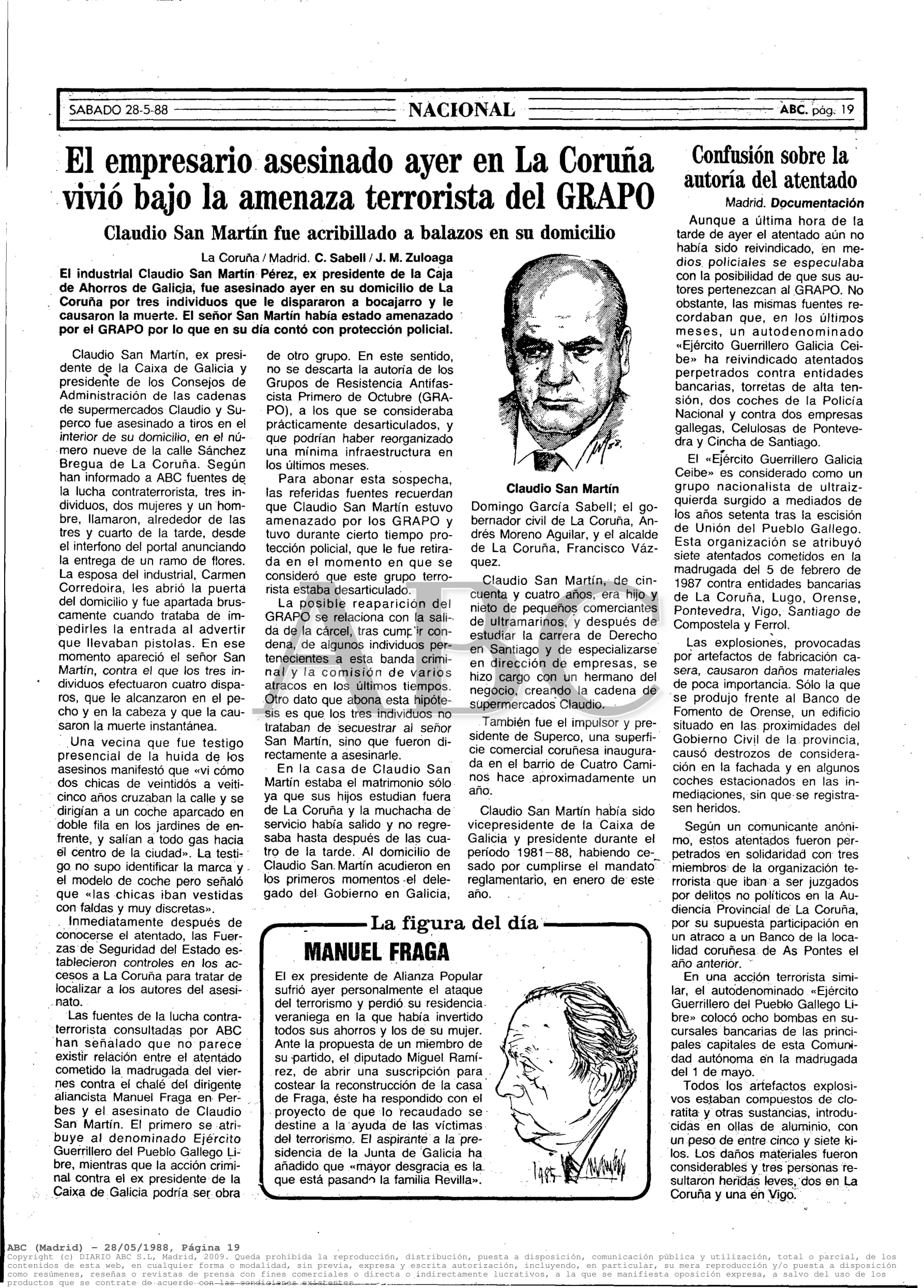 CLAUDIO SAN MARTIN PEREZ asesinado por los GRAPO el 27 de mayo de 1988 en La Coruña
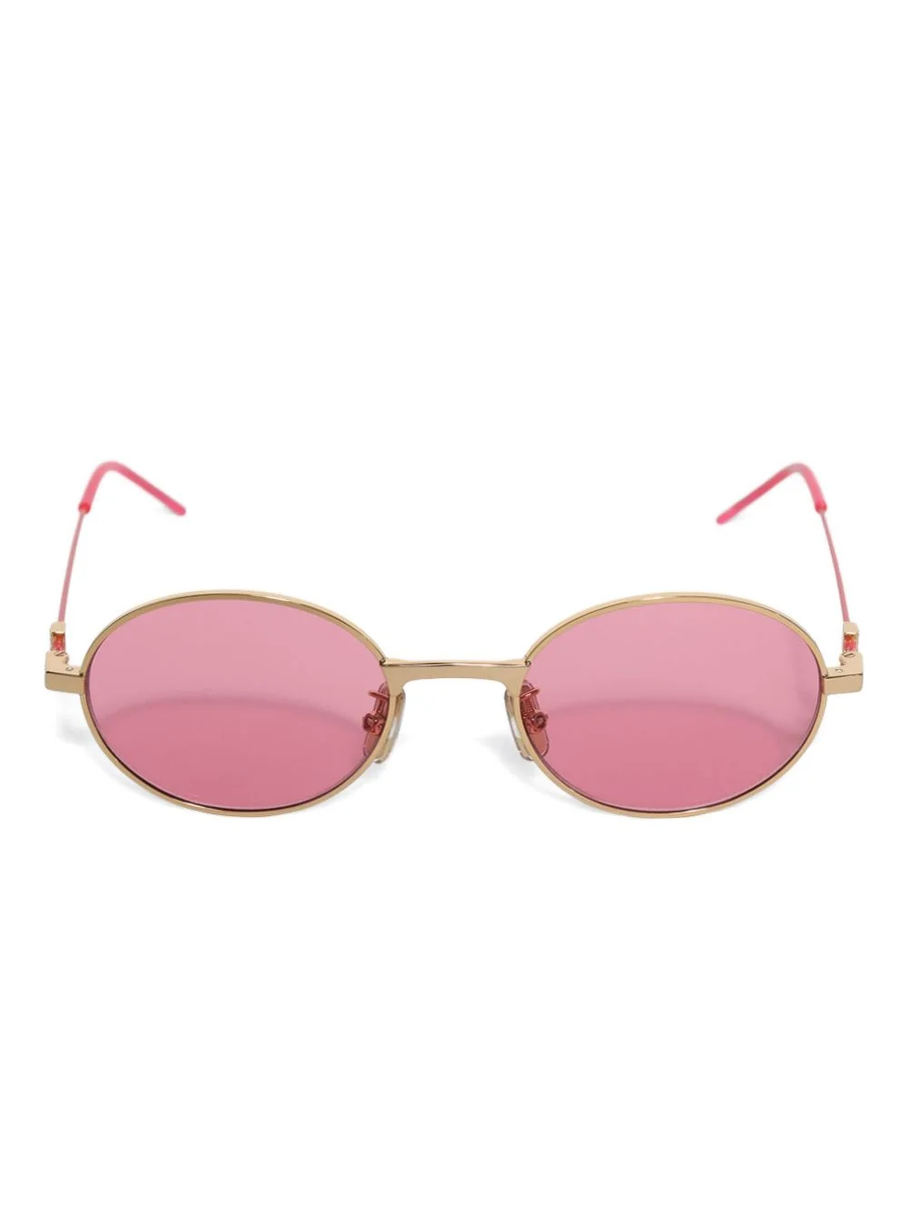 round-frame sunglasses Highlights - Gold - Round frame - Pink lenses - Nose pads - Thin arms - Logo detail at the temple - These glasses come with a protective case. Imported Composition Metal 100%
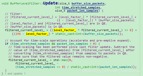 filtered_current_level_变量计算的核心函数。这里可以看出filtered_current_level还需要根据time_stretched_samples参数进行微调。因为之前对音频数据进行快进或者快退,播放时间不完全等于缓存时间。
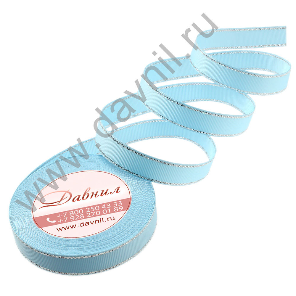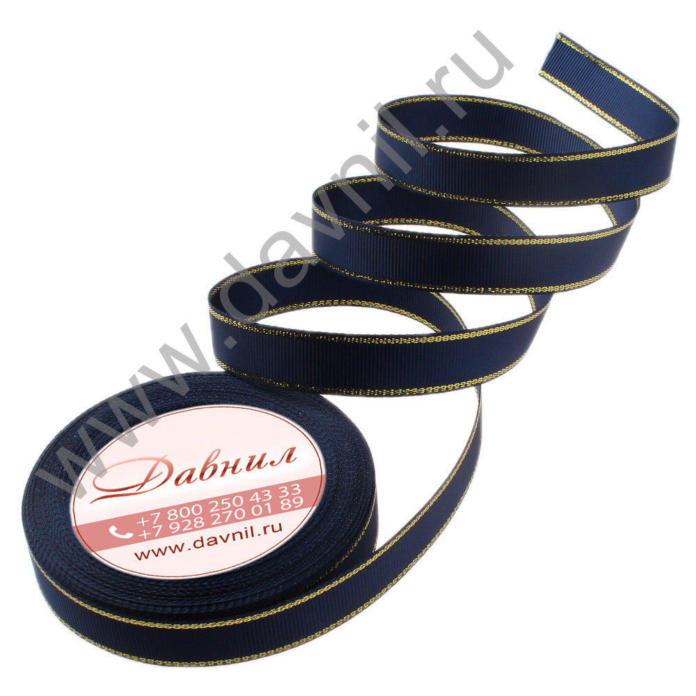 Лента репсовая с золотым люрексом 1,5 см*20 ярдов синяя 38
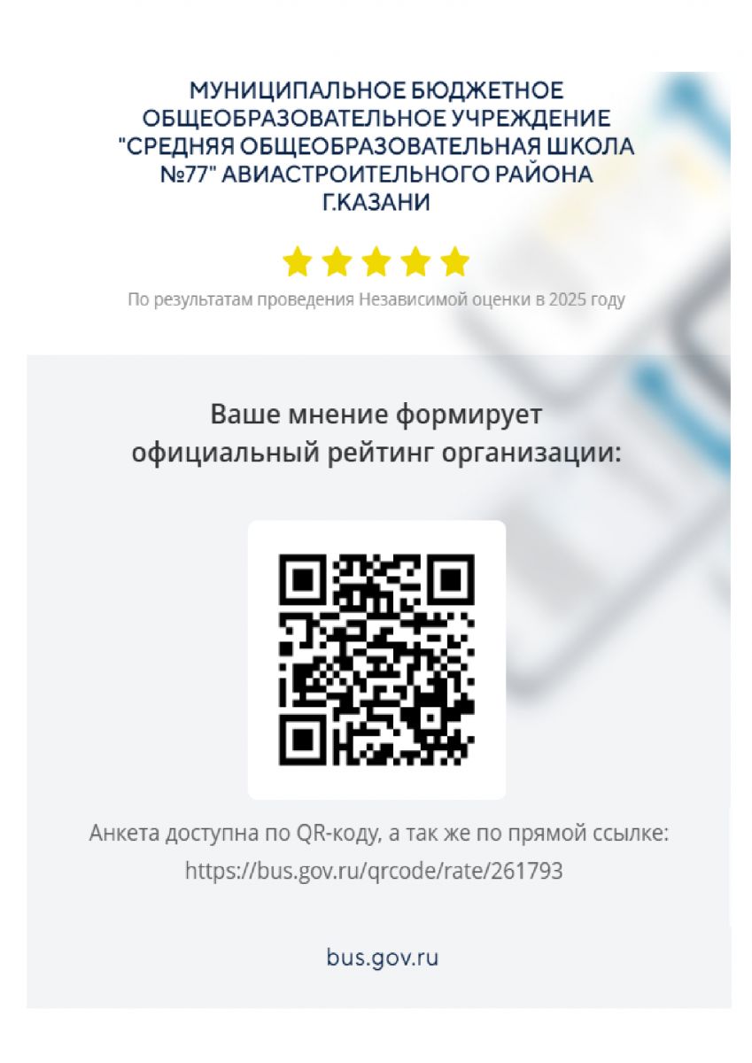 Муниципальное бюджетное общеобразовательное учреждение "Средняя общеобразовательная школа №77" Авиастроительного района г. Казани/ Казан шәһәре Авиатөзелеш районының «77 нче урта гомуми белем мәктәбе» гомуми белем муниципаль бюджет учреждениесе

Assignment
Print the data again word for word, pictures excluded.

Solution to this problem
 CLAUDIO SAN MARTIN PEREZ asesinado por los GRAPO el 27 de mayo de 1988 en La Coruña
 round-frame sunglasses Highlights - Gold - Round frame - Pink lenses - Nose pads - Thin arms - Logo detail at the temple - These glasses come with a protective case. Imported Composition Metal 100%
 filtered_current_level_变量计算的核心函数。这里可以看出filtered_current_level还需要根据time_stretched_samples参数进行微调。因为之前对音频数据进行快进或者快退,播放时间不完全等于缓存时间。
 Лента репсовая с золотым люрексом 1,5 см*20 ярдов синяя 38
 Муниципальное бюджетное общеобразовательное учреждение "Средняя общеобразовательная школа №77" Авиастроительного района г. Казани/ Казан шәһәре Авиатөзелеш районының «77 нче урта гомуми белем мәктәбе» гомуми белем муниципаль бюджет учреждениесе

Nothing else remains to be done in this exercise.